Par ailleurs, la militarisation croissante de la vie quotidienne de ces femmes glorifie des modèles de masculinité violents et agressifs qui, la plupart du temps, fonctionnent en toute impunité. La même impunité que celle dont jouissent les sociétés privées qui accaparent les terres fertiles, contaminent les rivières, détruisent les forêts, dépossèdent les communautés et embauchent des gardes de sécurité privés pour « protéger » leurs investissements.

Certes, cette violence quotidienne ne s’oppose pas aux démarches d’institutions internationales comme la Banque mondiale ou les Nations Unies, lesquelles influencent considérablement la politique internationale et prônent l’expansion de l’économie capitaliste aux quatre coins de la planète. Derrière leurs sauvegardes, leurs codes d’éthique et leur responsabilité sociale, on trouve des politiques et des projets renforçant un système qui, depuis sa création, a été et continue d’être structurellement patriarcal et raciste. XX Cependant, dans ce contexte si violent pour les femmes, ce sont elles qui reprennent les rênes de l’organisation et de la mobilisation contre l’accaparement de leurs terres et de leurs vies. Leur rôle essentiel dans la résistance a constitué le thème central de plusieurs bulletins du WRM (2).

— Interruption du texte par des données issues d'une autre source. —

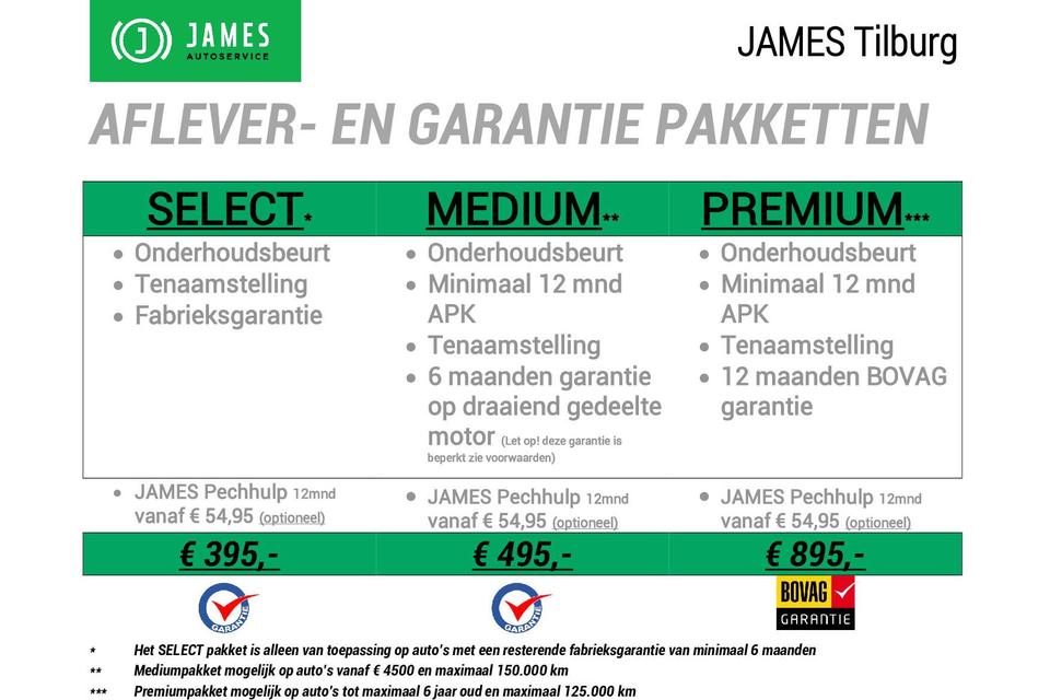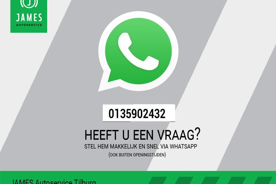 Bel voor meer informatie 013 590 2432 (ook WhatsApp). JAMES Autoservice Tilburg is al meer dan 30 jaar een begrip in TILBURG en omgeving. Kijk voor meer informatie over ons bedrijf, ons aanbod auto's en meer foto’s op onze website WWW.JAMESTILBURG.NL. Informeer naar onze aflevering- en garantiepakketten vanaf 395 euro. Alle moeite is genomen om de informatie in deze advertentie zo accuraat en actueel mogelijk weer te geven. Er kunnen echter geen rechten worden ontleend aan fouten in opties & accessoire lijst.

Le présent bulletin contient deux articles d’Indonésie qui décrivent les abus systématiques que doivent surmonter les femmes (et les filles) qui vivent dans les plantations de palmiers à huile et à proximité de celles-ci. Le premier article aborde les nombreux mauvais traitements au travail et le second souligne la violence plus structurelle de ces plantations. De même, trois articles du Cameroun nous parlent de la situation des femmes aux prises avec la monoculture du palmier à huile. Un de ces articles porte sur les effets et les mauvais traitements générés au niveau du pays par l’expansion de ces plantations ; le deuxième dénombre les types de violence spécifiques générés et présente un appel au changement ; et le troisième raconte l’histoire d’une communauté forcée de vivre et de résister depuis la venue de l’entreprise SOCAPALM sur leurs terres. Un autre article essaie de résumer les cas de deux communautés, une au Guatemala et l’autre en Colombie, où les femmes, confrontées aux plantations de palmiers à huile, sont celles qui luttent le plus pour défendre leurs terres et leurs moyens de subsistance. Un article de l’Inde nous alerte à propos de l’expansion accélérée des plantations d’arbres grâce au programme gouvernemental de compensations et nous montre que les femmes sont non seulement touchées, mais aussi un pilier de la résistance dans ce pays. Un autre article du Liberia souligne l’importance d’avoir une voix dans les processus décisionnels et explique comment les femmes de ce pays s’organisent pour y parvenir. Et finalement, un article du Brésil nous raconte les dangers et les effets de l’exposition des femmes aux produits agrotoxiques, une situation que partagent toutes les femmes dans les monocultures industrielles.

Ce bulletin constitue donc un appel à la solidarité directe et radicale avec les femmes qui souffrent, résistent, s’organisent et se mobilisent contre cette violence et ces mauvais traitements quotidiens qu’entraînent les plantations industrielles.

 

(1) « Caliban et la sorcière : femmes, corps et accumulation primitive. » Version française en vente. Version anglaise originale gratuite : « Caliban and the Witch. Women, The body and Primitive Accumulation. » Version espagnole gratuite disponible ici: « Calibán y La Bruja. Mujeres, cuerpo y acumulación originaria, » Silvia Federici, 2004.
(2) Voir par exemple :
Bulletin 211, février 2015, Des femmes qui résistent : la défense des territoires et de la vie.
Bulletin 200, mars 2014, La lutte des femmes : un combat de toutes et de tous.
Bulletin 187, février 2013, Des femmes qui résistent.